## Exercise prompt
In the material below, begin at the line that has "工程介紹:泰安書吧膜結構工程", stop after the line that has "2025-2026女排意甲 常规赛第13轮的两场提前的比赛(北京时间)。", and transcribe those lines exactly, without pictures.

## Source material

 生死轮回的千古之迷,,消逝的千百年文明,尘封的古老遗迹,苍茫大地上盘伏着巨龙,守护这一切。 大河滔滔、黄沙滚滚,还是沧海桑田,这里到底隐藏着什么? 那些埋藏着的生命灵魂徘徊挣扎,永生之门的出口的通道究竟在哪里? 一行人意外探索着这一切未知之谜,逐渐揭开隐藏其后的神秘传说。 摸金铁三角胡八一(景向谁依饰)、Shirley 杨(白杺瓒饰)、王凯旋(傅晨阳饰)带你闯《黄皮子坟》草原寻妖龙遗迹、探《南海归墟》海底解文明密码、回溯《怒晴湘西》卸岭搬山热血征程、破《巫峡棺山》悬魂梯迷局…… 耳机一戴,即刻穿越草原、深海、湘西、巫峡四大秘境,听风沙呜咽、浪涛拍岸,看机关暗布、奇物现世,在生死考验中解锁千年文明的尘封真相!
==
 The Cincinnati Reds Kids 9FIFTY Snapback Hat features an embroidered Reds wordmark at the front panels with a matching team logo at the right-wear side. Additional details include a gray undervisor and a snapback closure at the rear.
---
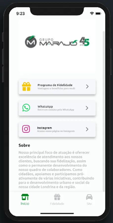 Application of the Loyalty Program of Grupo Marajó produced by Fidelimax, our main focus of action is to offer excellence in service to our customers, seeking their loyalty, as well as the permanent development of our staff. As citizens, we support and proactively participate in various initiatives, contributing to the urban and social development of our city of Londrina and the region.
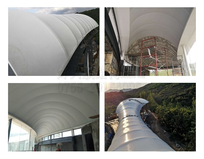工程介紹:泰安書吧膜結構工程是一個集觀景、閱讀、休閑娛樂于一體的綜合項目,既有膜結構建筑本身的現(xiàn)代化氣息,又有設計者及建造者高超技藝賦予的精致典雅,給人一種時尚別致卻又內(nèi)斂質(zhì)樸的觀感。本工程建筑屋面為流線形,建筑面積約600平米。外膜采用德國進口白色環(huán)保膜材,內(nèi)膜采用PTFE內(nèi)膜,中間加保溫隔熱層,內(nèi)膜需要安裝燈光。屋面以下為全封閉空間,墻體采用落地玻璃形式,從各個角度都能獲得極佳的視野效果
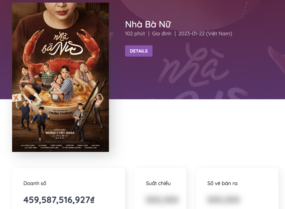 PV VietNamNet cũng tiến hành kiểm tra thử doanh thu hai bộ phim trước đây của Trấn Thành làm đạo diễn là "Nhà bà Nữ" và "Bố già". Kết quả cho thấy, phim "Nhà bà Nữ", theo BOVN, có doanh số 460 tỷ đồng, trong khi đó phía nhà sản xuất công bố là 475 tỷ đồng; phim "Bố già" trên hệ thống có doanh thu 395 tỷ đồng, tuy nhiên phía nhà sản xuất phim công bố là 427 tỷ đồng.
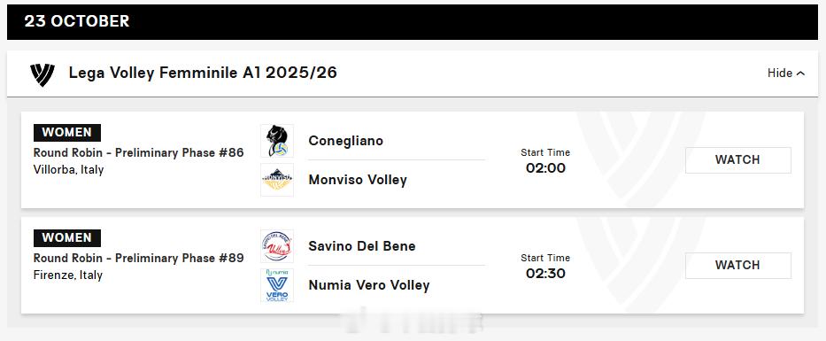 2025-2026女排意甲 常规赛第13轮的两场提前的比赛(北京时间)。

## Task solution
工程介紹:泰安書吧膜結構工程是一個集觀景、閱讀、休閑娛樂于一體的綜合項目,既有膜結構建筑本身的現(xiàn)代化氣息,又有設計者及建造者高超技藝賦予的精致典雅,給人一種時尚別致卻又內(nèi)斂質(zhì)樸的觀感。本工程建筑屋面為流線形,建筑面積約600平米。外膜采用德國進口白色環(huán)保膜材,內(nèi)膜采用PTFE內(nèi)膜,中間加保溫隔熱層,內(nèi)膜需要安裝燈光。屋面以下為全封閉空間,墻體采用落地玻璃形式,從各個角度都能獲得極佳的視野效果
 PV VietNamNet cũng tiến hành kiểm tra thử doanh thu hai bộ phim trước đây của Trấn Thành làm đạo diễn là "Nhà bà Nữ" và "Bố già". Kết quả cho thấy, phim "Nhà bà Nữ", theo BOVN, có doanh số 460 tỷ đồng, trong khi đó phía nhà sản xuất công bố là 475 tỷ đồng; phim "Bố già" trên hệ thống có doanh thu 395 tỷ đồng, tuy nhiên phía nhà sản xuất phim công bố là 427 tỷ đồng.
 2025-2026女排意甲 常规赛第13轮的两场提前的比赛(北京时间)。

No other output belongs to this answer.